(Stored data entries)
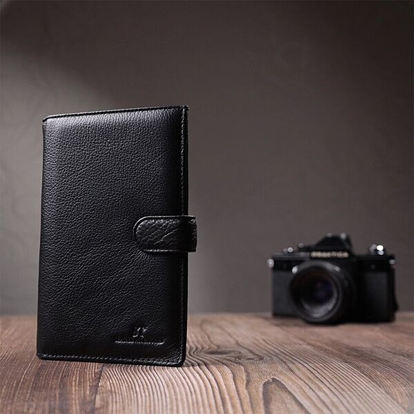 Універсальний чоловічий гаманець для грошей та документів з натуральної шкіри 722735 Чорний
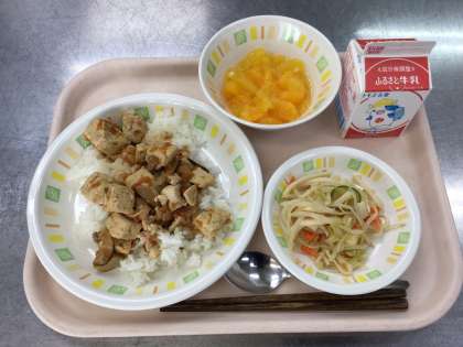 今日の給食は、四川豆腐丼 牛乳 中華サラダ みかんクラッシュゼリー
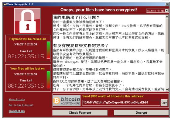被感染的机器屏幕会显示如下的告知付赎金的界面:
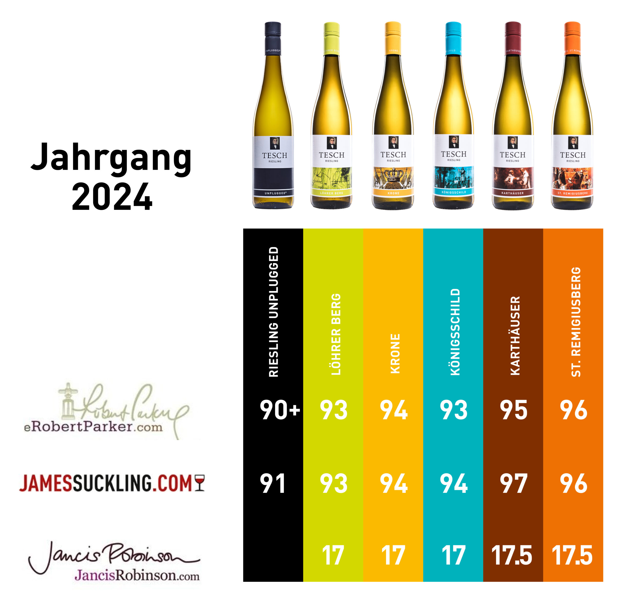 „This youthful dry riesling has a joyful lemon character, but also complex garden herb aromas. A compact structure is married to a medium body and crisp, stony acidity. Still quite tightly wound for a site that tends to give wines that open quite early. Excellent tension in the very long, lemony finish. Drink from release. “ 94 | S. Pigott | www.jamessuckling.com„Tesch’s 2024 Krone Laubenheim Riesling Trocken offers an intense and elegant, super aromatic nose with ripe and juicy stone fruit aromas mixed with finely flinty notes of crushed stones. Filigreed and enormously saline on the palate, this is a medium- to full-bodied, very elegant, savory but also intense and juicy Riesling with yellow plums and apricot notes. This highly stimulating and aromatic dry Riesling is reminiscent of a Wachau Riesling Smaragd from the 1990s. 12.5% stated alcohol. Screw-cap closure. Tasted in July 2025.“ 94 | S. Reinhardt | www.robertparker.com
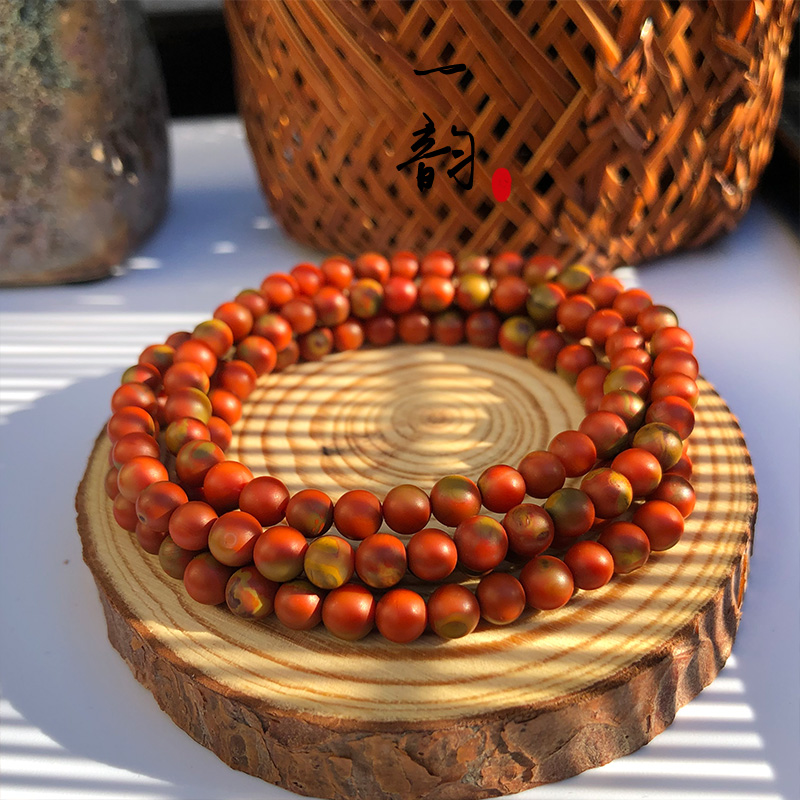 Cool Mountain South Red Manau old Type 108 Yellow green flower leather bag Tomato Gin red hand-string long chain Multi-ring male and female accessories-Taobao

Task statement |
Exact repetition of each line above is expected; images are to be omitted.

Exercise output |
 Універсальний чоловічий гаманець для грошей та документів з натуральної шкіри 722735 Чорний
 今日の給食は、四川豆腐丼 牛乳 中華サラダ みかんクラッシュゼリー
被感染的机器屏幕会显示如下的告知付赎金的界面:
 „This youthful dry riesling has a joyful lemon character, but also complex garden herb aromas. A compact structure is married to a medium body and crisp, stony acidity. Still quite tightly wound for a site that tends to give wines that open quite early. Excellent tension in the very long, lemony finish. Drink from release. “ 94 | S. Pigott | www.jamessuckling.com„Tesch’s 2024 Krone Laubenheim Riesling Trocken offers an intense and elegant, super aromatic nose with ripe and juicy stone fruit aromas mixed with finely flinty notes of crushed stones. Filigreed and enormously saline on the palate, this is a medium- to full-bodied, very elegant, savory but also intense and juicy Riesling with yellow plums and apricot notes. This highly stimulating and aromatic dry Riesling is reminiscent of a Wachau Riesling Smaragd from the 1990s. 12.5% stated alcohol. Screw-cap closure. Tasted in July 2025.“ 94 | S. Reinhardt | www.robertparker.com
 Cool Mountain South Red Manau old Type 108 Yellow green flower leather bag Tomato Gin red hand-string long chain Multi-ring male and female accessories-Taobao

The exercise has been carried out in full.